Is winst maken niet de eerste en grootste bekommernis van elke beginnende ondernemer? “Als geld de enige driver is, kan het tricky worden. Bij de meeste starters is dat trouwens niet het geval. Natuurlijk is winst maken belangrijk én noodzakelijk. Maar in de opstartfase mag er toch nog wel wat idealisme en een grote droom zijn, toch? Uiteraard moet dan wel snel blijken dat het bedrijf geld weet te verdienen, dan wel of het eerder een hobby is die dus geld kost. Het opvolgen van je cijfers is daarom ook cruciaal. Laat je goed omringen, maar zorg dat je zelf ook weet hoe het financieel precies zit. Ik merk maar al te vaak dat dat soms niet het geval blijkt te zijn.”
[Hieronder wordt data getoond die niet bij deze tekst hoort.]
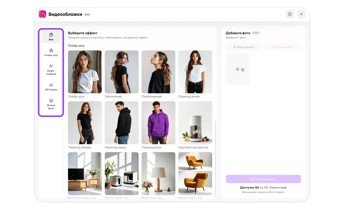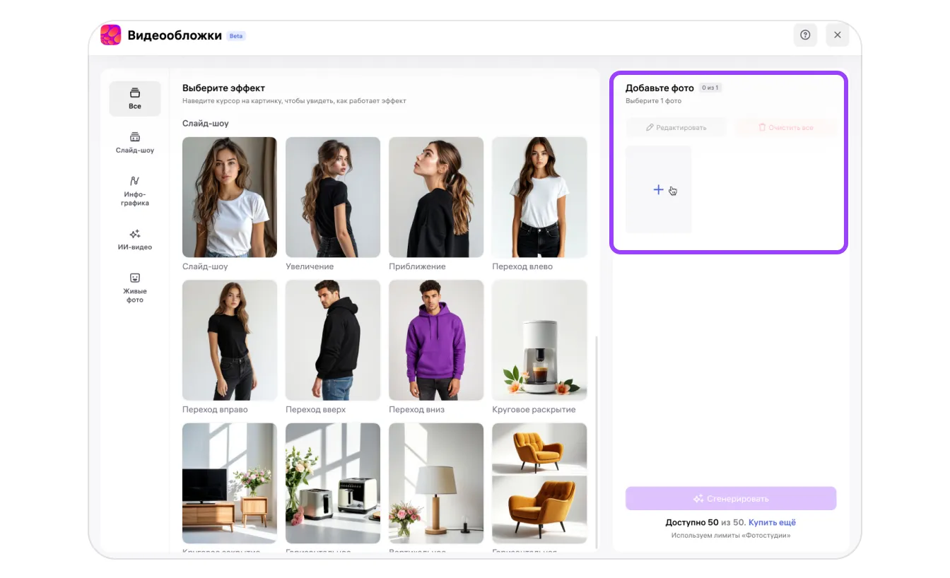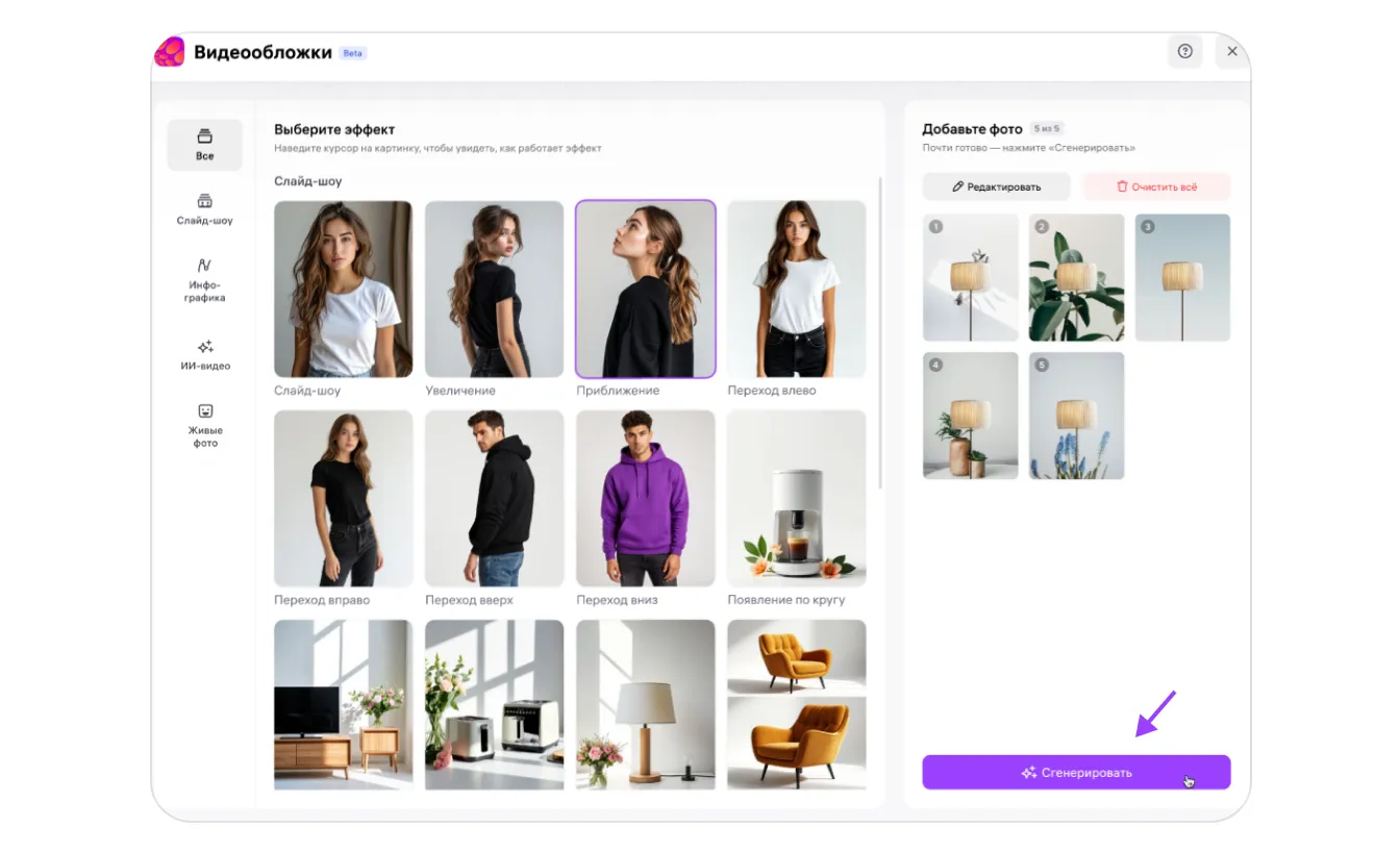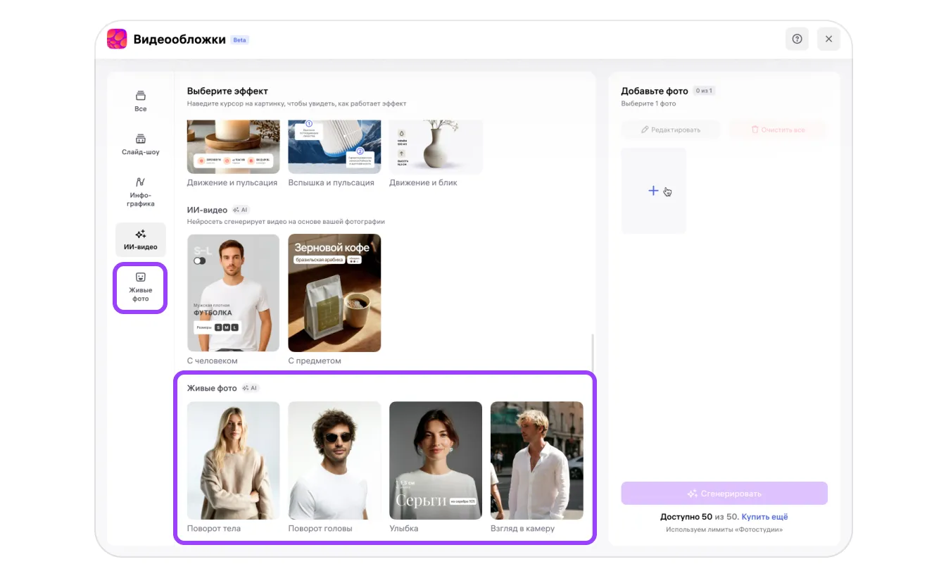 Чтобы создать ИИ-видео, выберите эффект и соответствующее фото: с человеком или с предметом. Нейросеть проанализирует фото и создаст видеообложку на основе снимка.
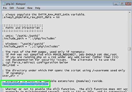 Using Notepad, open the file "C:\Server\php\php.ini".

Voelt u zich zelf eerder ondernemer dan wel manager? “Ik ben eerder een ondernemer, maar ik weet ook dat er naarmate de organisatie groeit meer nood is aan een goed gestructureerd management. In de praktijk wil ik onze organisatie meer stroomlijnen en minder bezig zijn met het dagdagelijkse operationele luik. Daar wordt heel binnenkort ook concreet werk van gemaakt. Zelf moet ik dan meer aan het bedrijf werken dan in het bedrijf werken.”